Brief –
Using the listing below, retype exactly the lines starting at the one with "Burberry Note 格紋拼皮翻蓋側背包/1150H1035 💚折扣🉐42400" and ending at the one with "レンタカーの車内消臭を効率化", and include both.

Task inputs –
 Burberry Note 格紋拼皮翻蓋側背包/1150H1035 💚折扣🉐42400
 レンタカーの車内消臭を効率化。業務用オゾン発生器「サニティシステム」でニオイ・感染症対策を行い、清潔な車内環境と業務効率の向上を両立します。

* * *

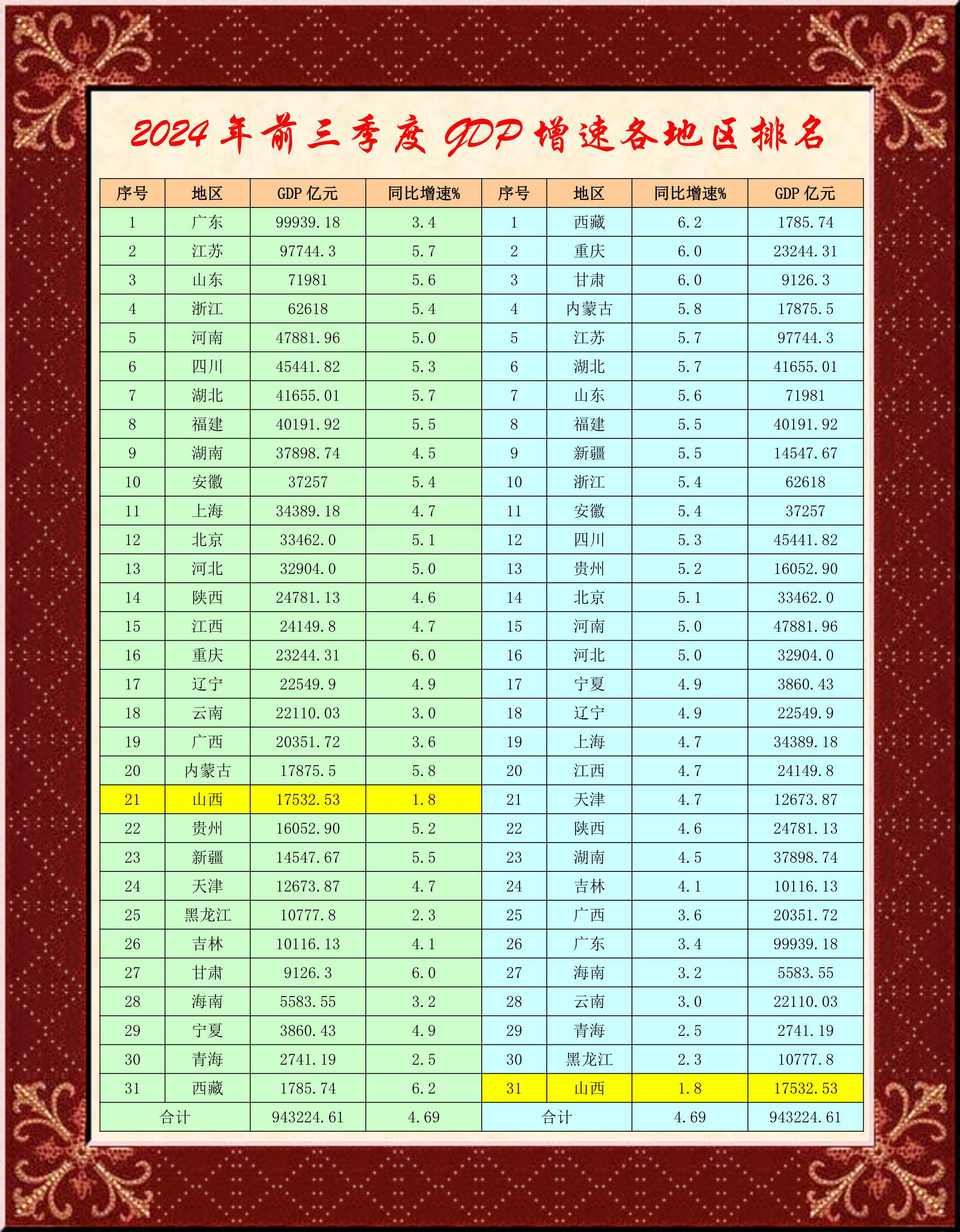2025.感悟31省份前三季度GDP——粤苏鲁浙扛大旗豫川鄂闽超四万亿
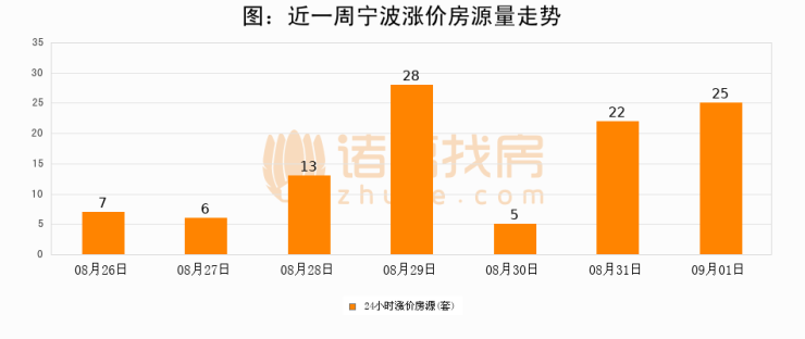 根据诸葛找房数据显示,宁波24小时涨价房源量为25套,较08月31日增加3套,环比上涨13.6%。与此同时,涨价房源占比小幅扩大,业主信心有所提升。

Expected answer –
 Burberry Note 格紋拼皮翻蓋側背包/1150H1035 💚折扣🉐42400
 レンタカーの車内消臭を効率化。業務用オゾン発生器「サニティシステム」でニオイ・感染症対策を行い、清潔な車内環境と業務効率の向上を両立します。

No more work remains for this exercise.